Posse versus Acesso. E isso não é novidade.

Se você que está lendo este artigo agora tem menos de 28 anos talvez não saiba que a maior fonte de renda dos músicos era a participação na venda de seus discos. A hegemonia das gravadoras era, em parte, consequência de um elevado custo de produção, exigindo equipamentos e espaços caros nos estúdios de gravação, e parte resultado de uma grande capacidade de distribuição dos discos, uma capilaridade que os permitia falar grosso com os artistas e reter um grande pedaço da receita sobre a venda.

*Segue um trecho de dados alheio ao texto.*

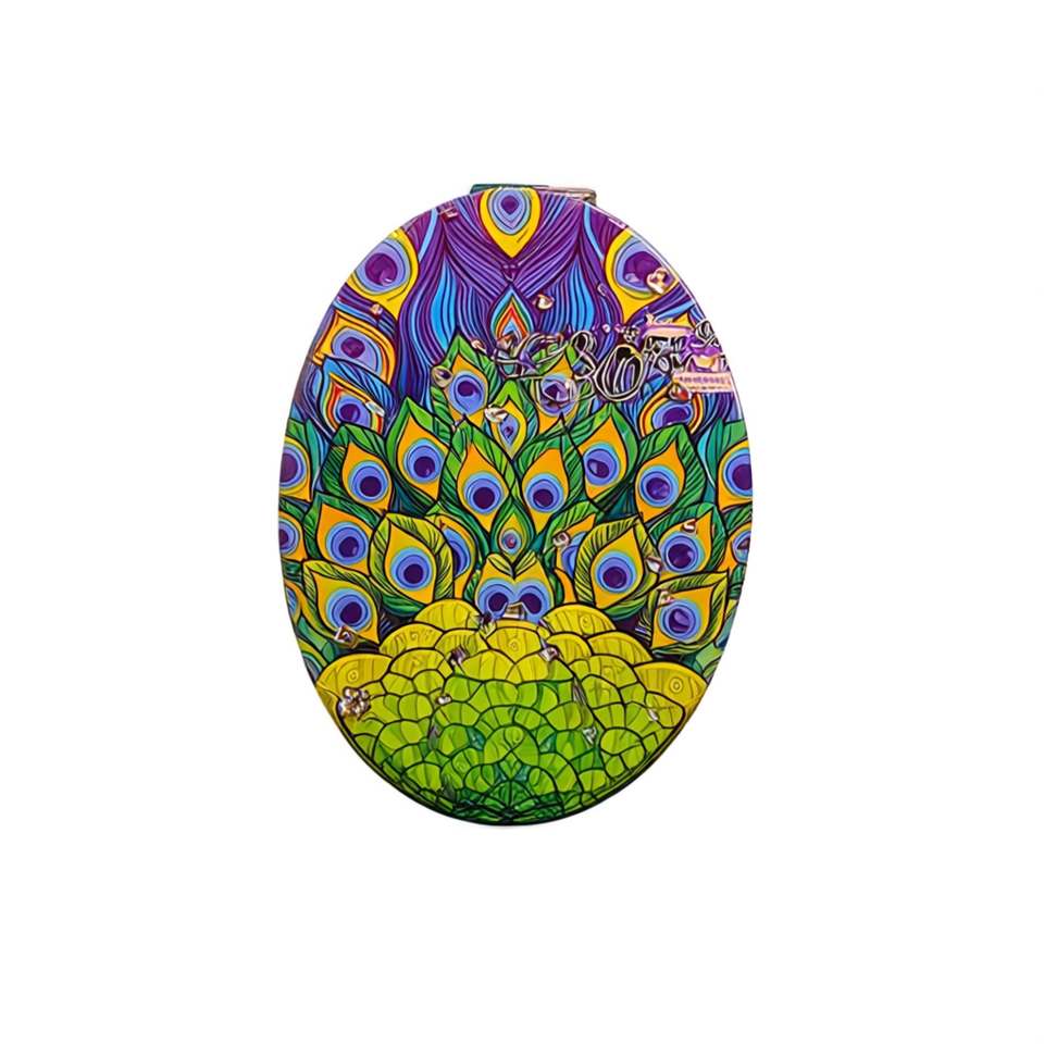 Comme Moi Oval Portable Makeup Mirror 8.6x6.2Cm Plastic Compact With Colorful Peacock Design Bohemian Style For Women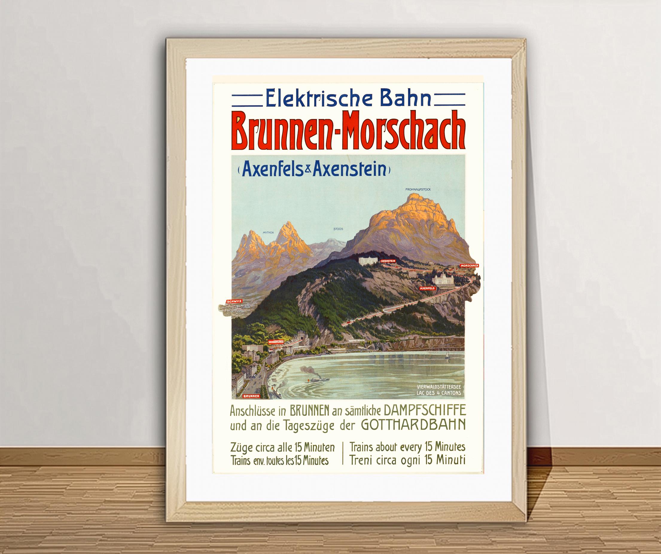 Vintage Suisse Travel Poster: Brunnen-Morschach, Axenfels & Axenstein

O consumo de música pela internet – no início de forma ilegal – gerou uma grande redução no volume de vendas, diminuindo drasticamente a receita de gravadoras e artistas.

Isso gerou uma onda de empreendedorismo entre os artistas, que começaram a criar suas próprias gravadoras e trabalhar canais alternativos de distribuição, como bancas de jornais, por exemplo.

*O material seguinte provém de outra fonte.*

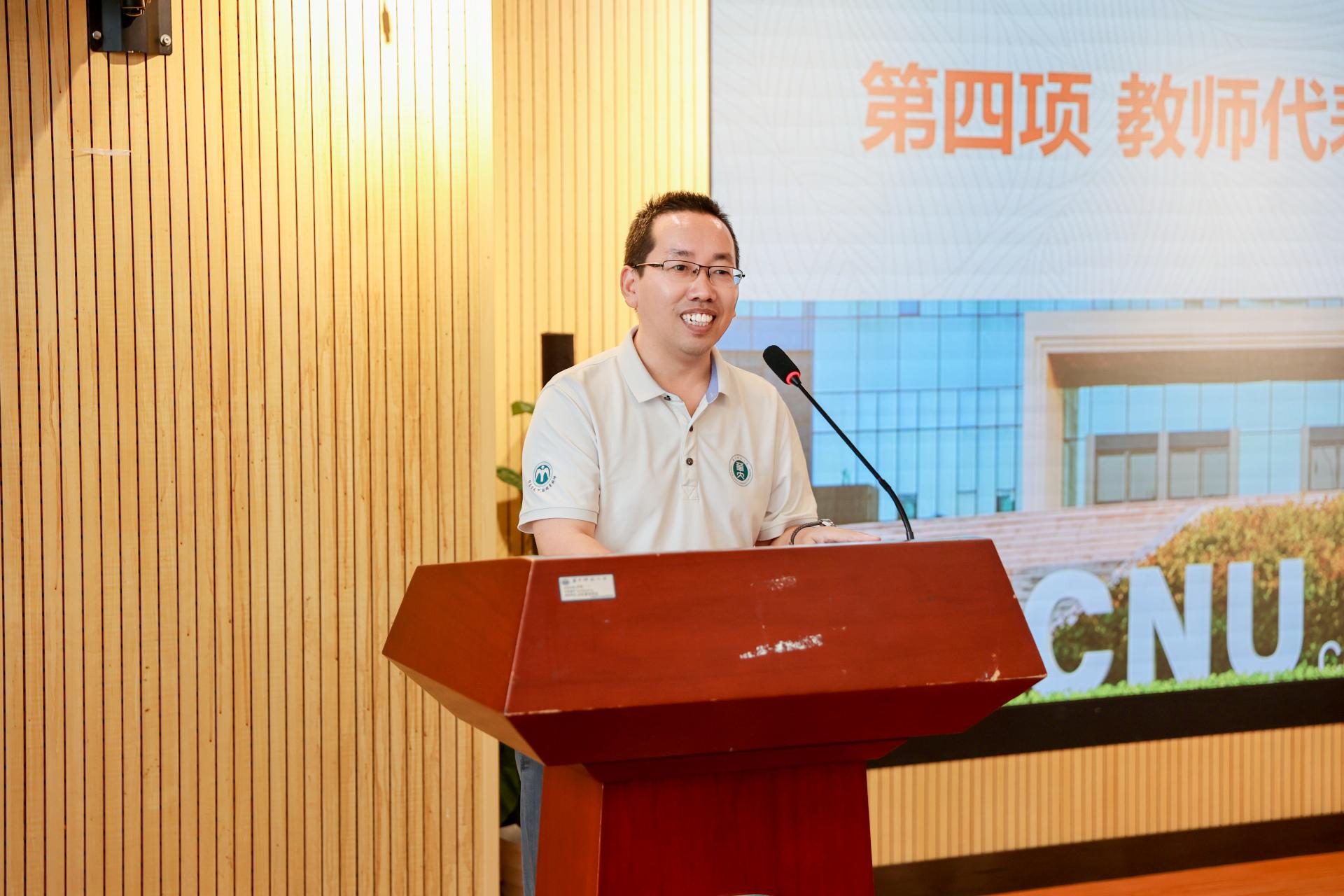 教师代表谭春辉致辞。他向同学们表示热烈欢迎和诚挚祝贺,期待与大家共同开启新篇章,并鼓励同学们主动寻求学习资源,同时要体验多维的研究生生活,在学习和科研之余多参加社团活动、社会实践,希望同学们不断超越自我,实现自己的梦想与价值。

E por fim, empresas como a Apple que nada tinham de vínculo com a música, começaram a entrar pesado neste segmento, transformando a forma pela qual consumimos música e entretenimento. Este movimento nos trouxe até as plataformas de streaming, como Spotify e Deezer e até mesmo Netflix.

Isso tudo em 20 anos. É muito pouco tempo para tanta transformação!

A tecnologia hoje permite que você grave um belo disco na sua casa, usando somente um computador. Mesmo que você não queira vende-lo, ou somente o ofereça de forma virtual, onde o consumidor compra o direito de baixar suas músicas. Ou ainda, na forma mais contemporânea, compra o direito de ouvir sua música, não necessariamente de baixá-la.

Posse versus Acesso é o novo paradigma.

Hoje seus consumidores – assim como você leitor com menos de 28 anos – preferem investir seu dinheiro em experiências, em acesso em vez de posse. Por exemplo, em vez de ter o carro, preferem ter acesso à locomoção, seja chamando um taxi ou o Uber por aplicativo, seja utilizando um site de carona.

Também preferem o direito de ouvir a música em vez de comprar o disco, seja ao vivo no show ou pela plataforma de streaming. Mas não aceitam que o artista não tenha um canal no Vimeo, Youtube, Spotify ou Deezer para divulgar seu trabalho. E aqui tem mais uma prova da mudança: essas plataformas substituíram a capilaridade física, grande trunfo das gravadoras, pela capilaridade digital.

E então a coisa fica mais complexa: por ter acesso a isso tudo, eles querem sempre mais novidade. E se você não oferece, eles naturalmente, sem nenhum peso na consciência, saem em busca de coisa nova. Consumo e relacionamento em ciclos curtos e intenso. Essa é a receita.

E isso usando somente exemplos do universo da música e do entretenimento. Empresários donos de loja, estúdio, casa de espetáculos ou qualquer outro tipo de negócio no meio dessa cadeia, tem muito mais chance de impactar e atrair esses novos consumidores. Não falamos de alimentação, educação, moda e diversos outros segmentos.

Não adianta lutar contra a novidade. Aprenda as se beneficiar do novo cenário. Ele é cheio de grandes oportunidades para quem conseguir enxergar e tiver coragem para mudar. De novo!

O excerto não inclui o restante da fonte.